Directions — When you reach the line below that has "Originally built in", start returning lines exactly, and stop after the line that has "В состав МФУ"; skip the pictures.

Task material section start

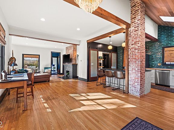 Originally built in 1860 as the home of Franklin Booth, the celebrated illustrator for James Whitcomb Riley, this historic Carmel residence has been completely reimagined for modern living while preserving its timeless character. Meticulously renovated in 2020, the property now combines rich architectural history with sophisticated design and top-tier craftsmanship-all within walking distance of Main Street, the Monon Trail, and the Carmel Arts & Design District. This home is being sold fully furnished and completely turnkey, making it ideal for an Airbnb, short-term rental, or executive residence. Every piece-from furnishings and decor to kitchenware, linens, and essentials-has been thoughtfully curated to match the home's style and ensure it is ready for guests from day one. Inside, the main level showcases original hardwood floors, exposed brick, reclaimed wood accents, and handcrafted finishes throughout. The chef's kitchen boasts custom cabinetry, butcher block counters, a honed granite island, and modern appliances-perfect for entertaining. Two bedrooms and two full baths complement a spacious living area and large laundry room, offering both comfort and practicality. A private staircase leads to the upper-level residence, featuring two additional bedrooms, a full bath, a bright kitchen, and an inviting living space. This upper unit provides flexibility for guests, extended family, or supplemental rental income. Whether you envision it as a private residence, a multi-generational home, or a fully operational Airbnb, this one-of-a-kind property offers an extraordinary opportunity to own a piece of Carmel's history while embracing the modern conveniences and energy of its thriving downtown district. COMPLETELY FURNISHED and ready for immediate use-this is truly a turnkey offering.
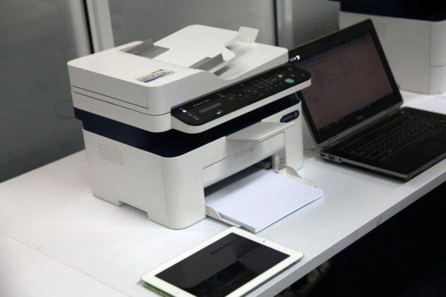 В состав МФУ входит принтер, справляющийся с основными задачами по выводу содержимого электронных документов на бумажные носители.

Task material section end
Task material section start

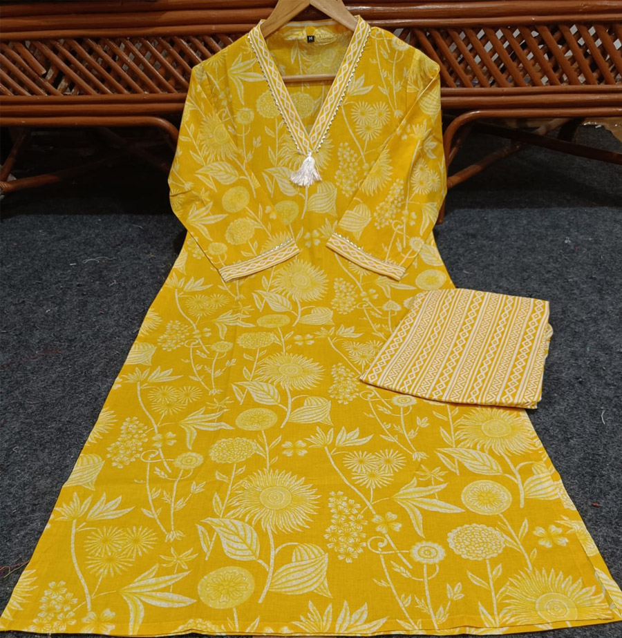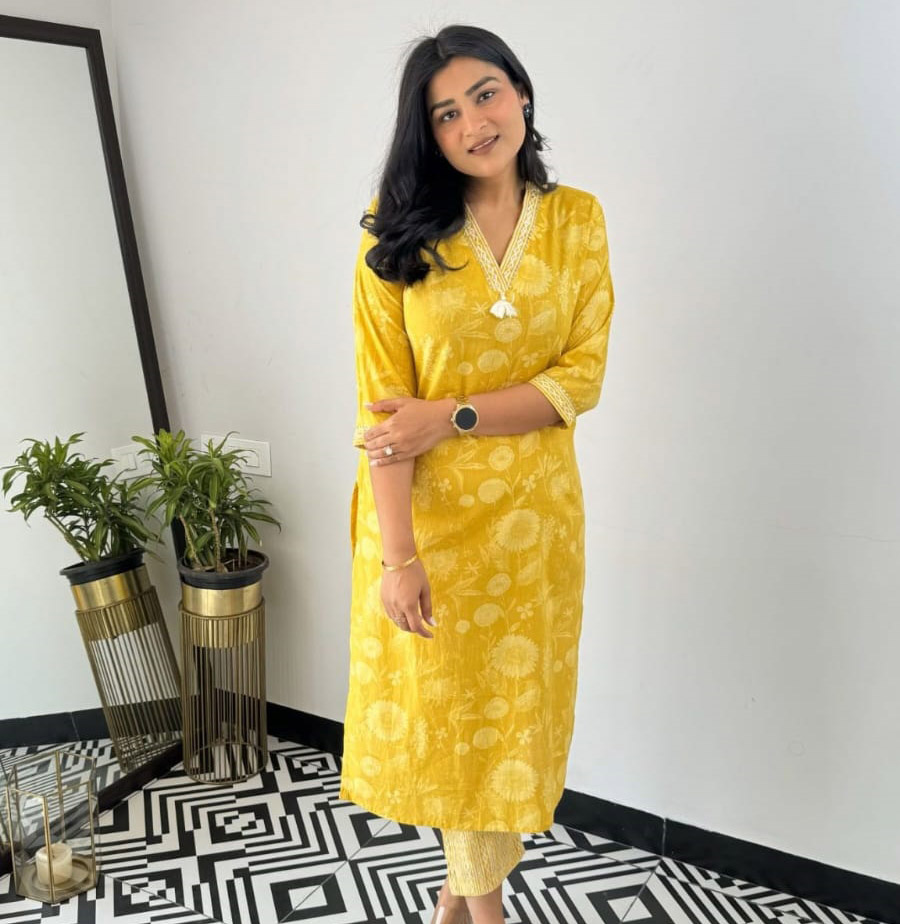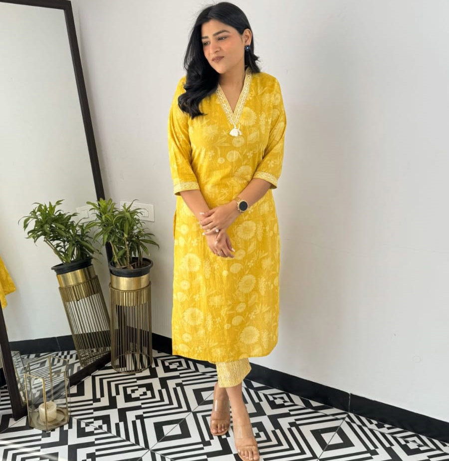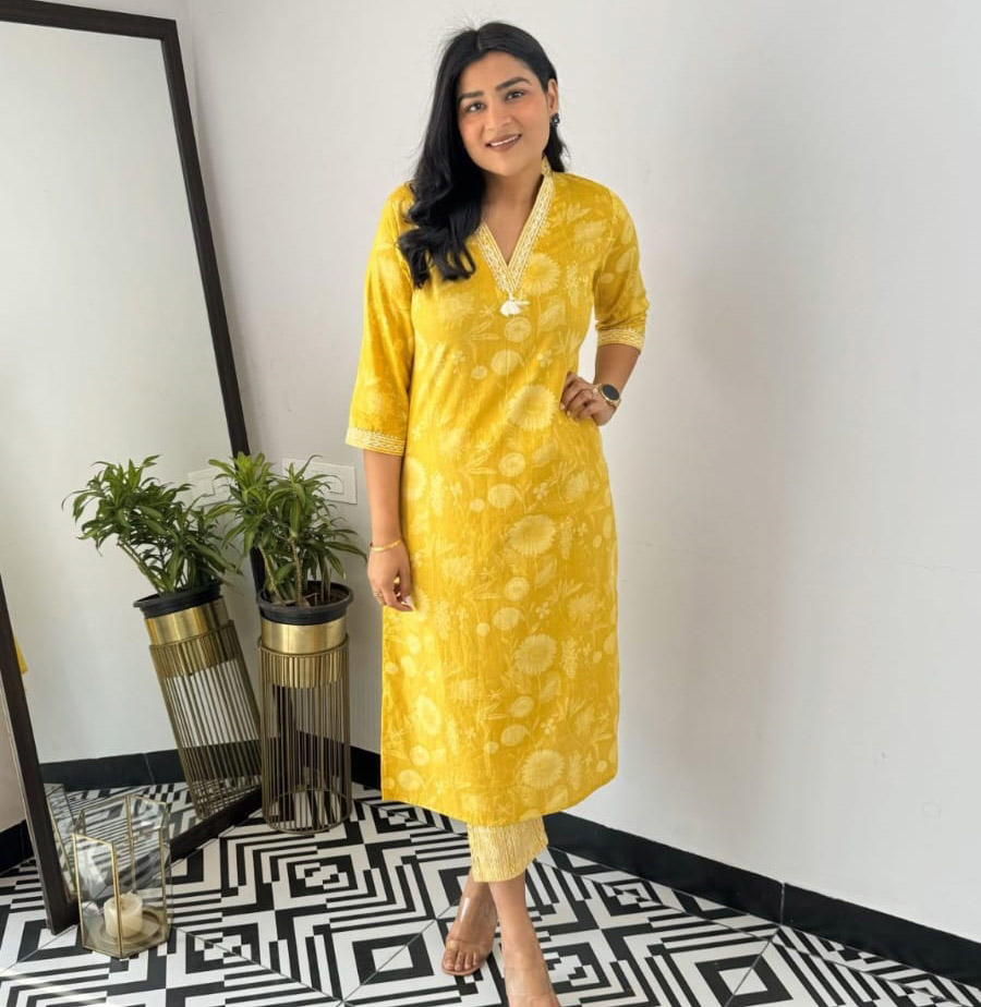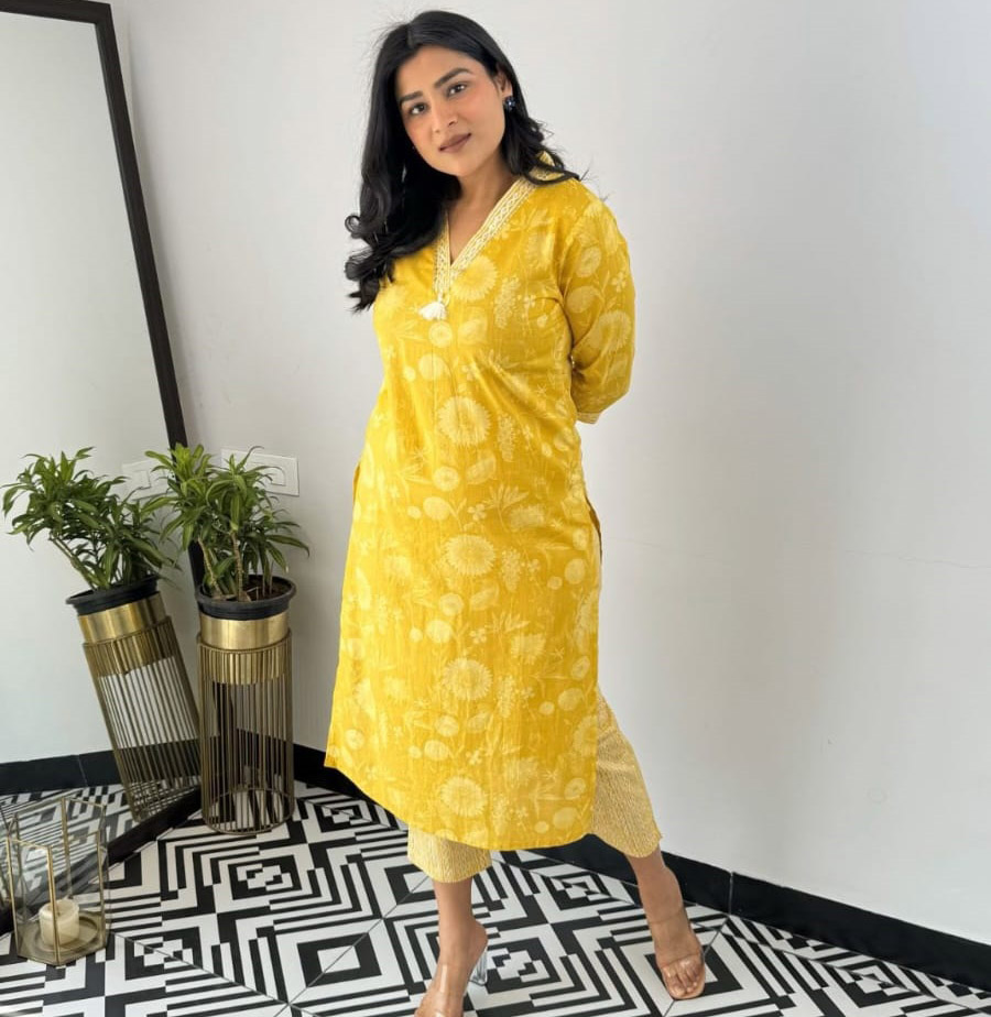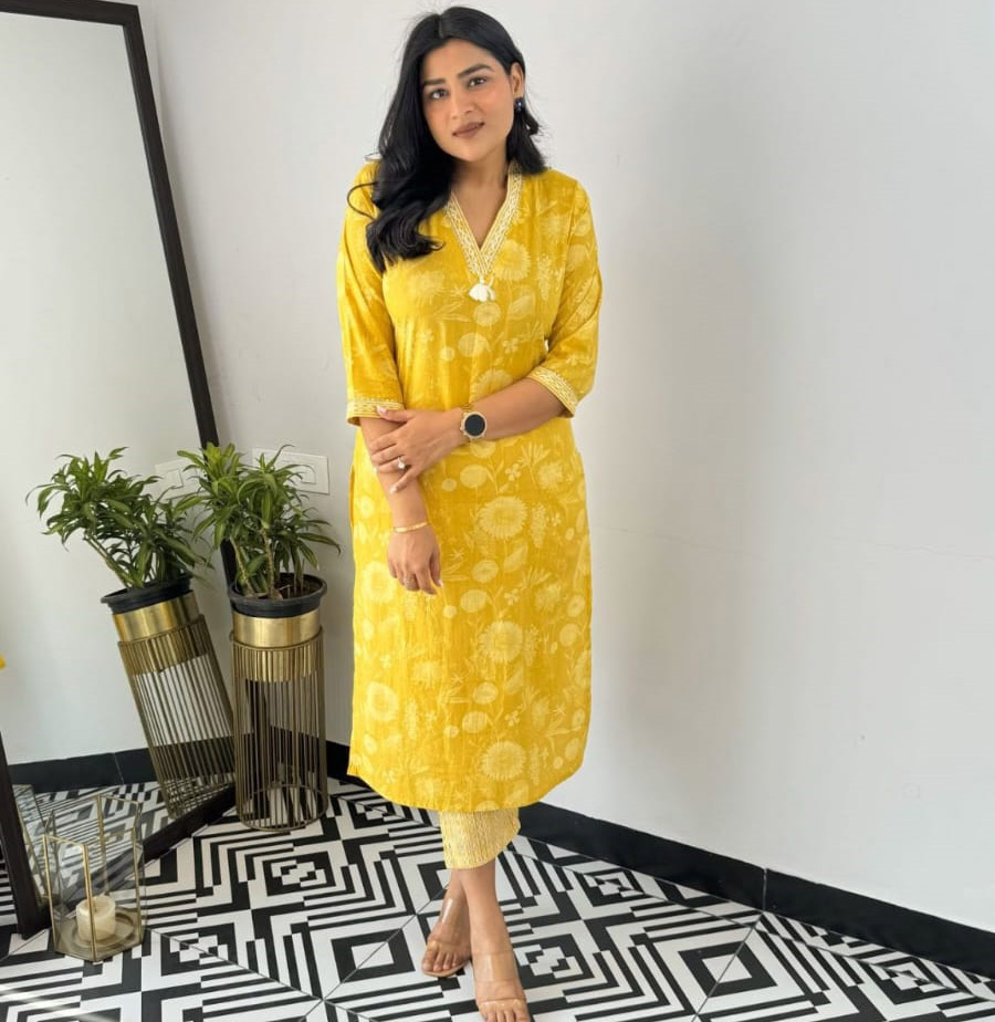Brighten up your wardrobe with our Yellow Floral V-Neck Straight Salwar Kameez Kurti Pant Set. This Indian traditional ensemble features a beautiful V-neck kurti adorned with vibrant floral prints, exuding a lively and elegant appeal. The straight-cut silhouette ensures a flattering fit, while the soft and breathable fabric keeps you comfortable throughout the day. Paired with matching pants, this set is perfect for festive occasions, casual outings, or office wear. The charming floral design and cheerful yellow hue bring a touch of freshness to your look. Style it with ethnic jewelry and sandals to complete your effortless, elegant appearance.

Task material section end
Task material section start

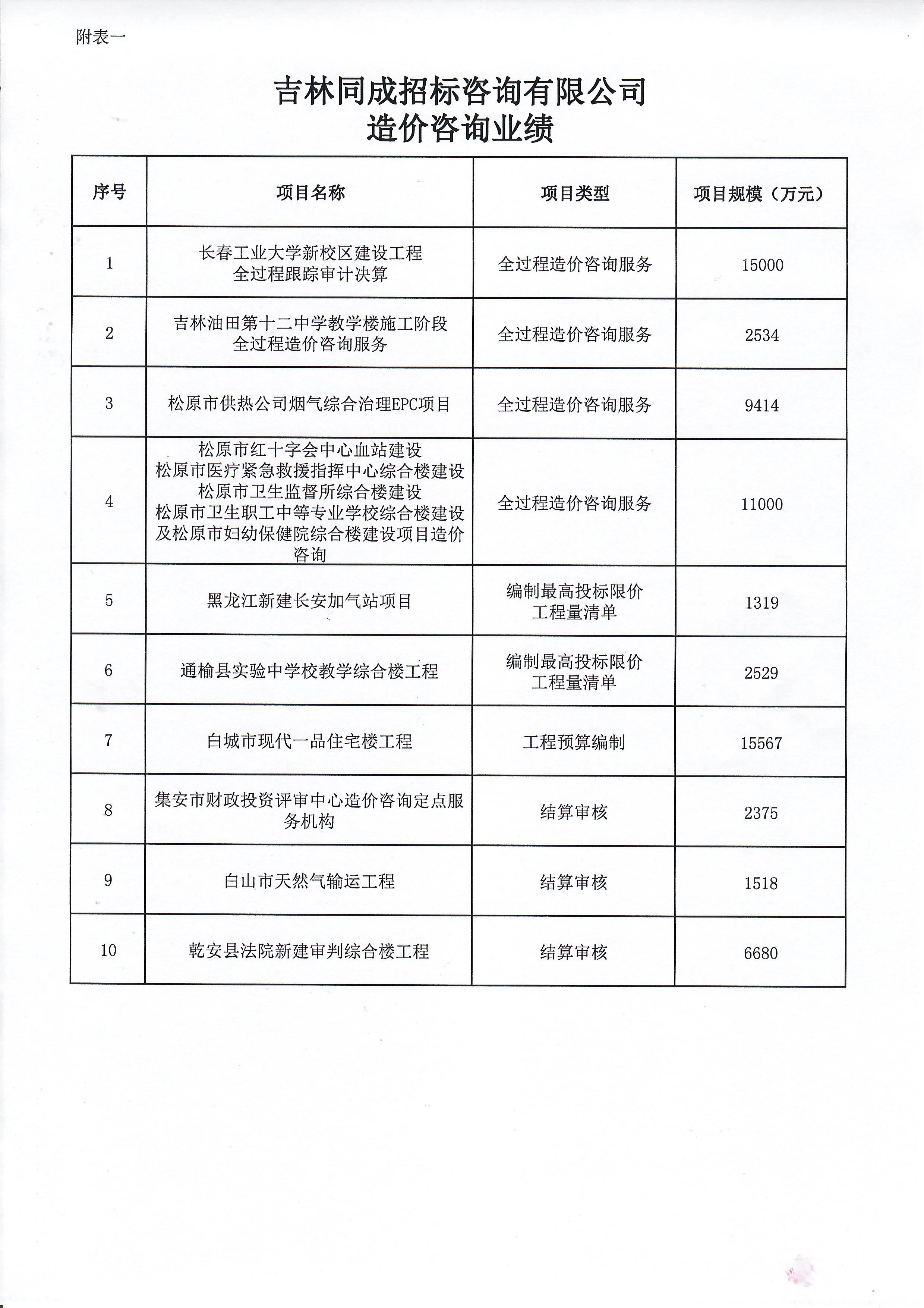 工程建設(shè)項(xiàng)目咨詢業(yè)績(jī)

Task material section end

Reply to the exercise —
 Originally built in 1860 as the home of Franklin Booth, the celebrated illustrator for James Whitcomb Riley, this historic Carmel residence has been completely reimagined for modern living while preserving its timeless character. Meticulously renovated in 2020, the property now combines rich architectural history with sophisticated design and top-tier craftsmanship-all within walking distance of Main Street, the Monon Trail, and the Carmel Arts & Design District. This home is being sold fully furnished and completely turnkey, making it ideal for an Airbnb, short-term rental, or executive residence. Every piece-from furnishings and decor to kitchenware, linens, and essentials-has been thoughtfully curated to match the home's style and ensure it is ready for guests from day one. Inside, the main level showcases original hardwood floors, exposed brick, reclaimed wood accents, and handcrafted finishes throughout. The chef's kitchen boasts custom cabinetry, butcher block counters, a honed granite island, and modern appliances-perfect for entertaining. Two bedrooms and two full baths complement a spacious living area and large laundry room, offering both comfort and practicality. A private staircase leads to the upper-level residence, featuring two additional bedrooms, a full bath, a bright kitchen, and an inviting living space. This upper unit provides flexibility for guests, extended family, or supplemental rental income. Whether you envision it as a private residence, a multi-generational home, or a fully operational Airbnb, this one-of-a-kind property offers an extraordinary opportunity to own a piece of Carmel's history while embracing the modern conveniences and energy of its thriving downtown district. COMPLETELY FURNISHED and ready for immediate use-this is truly a turnkey offering.
 В состав МФУ входит принтер, справляющийся с основными задачами по выводу содержимого электронных документов на бумажные носители.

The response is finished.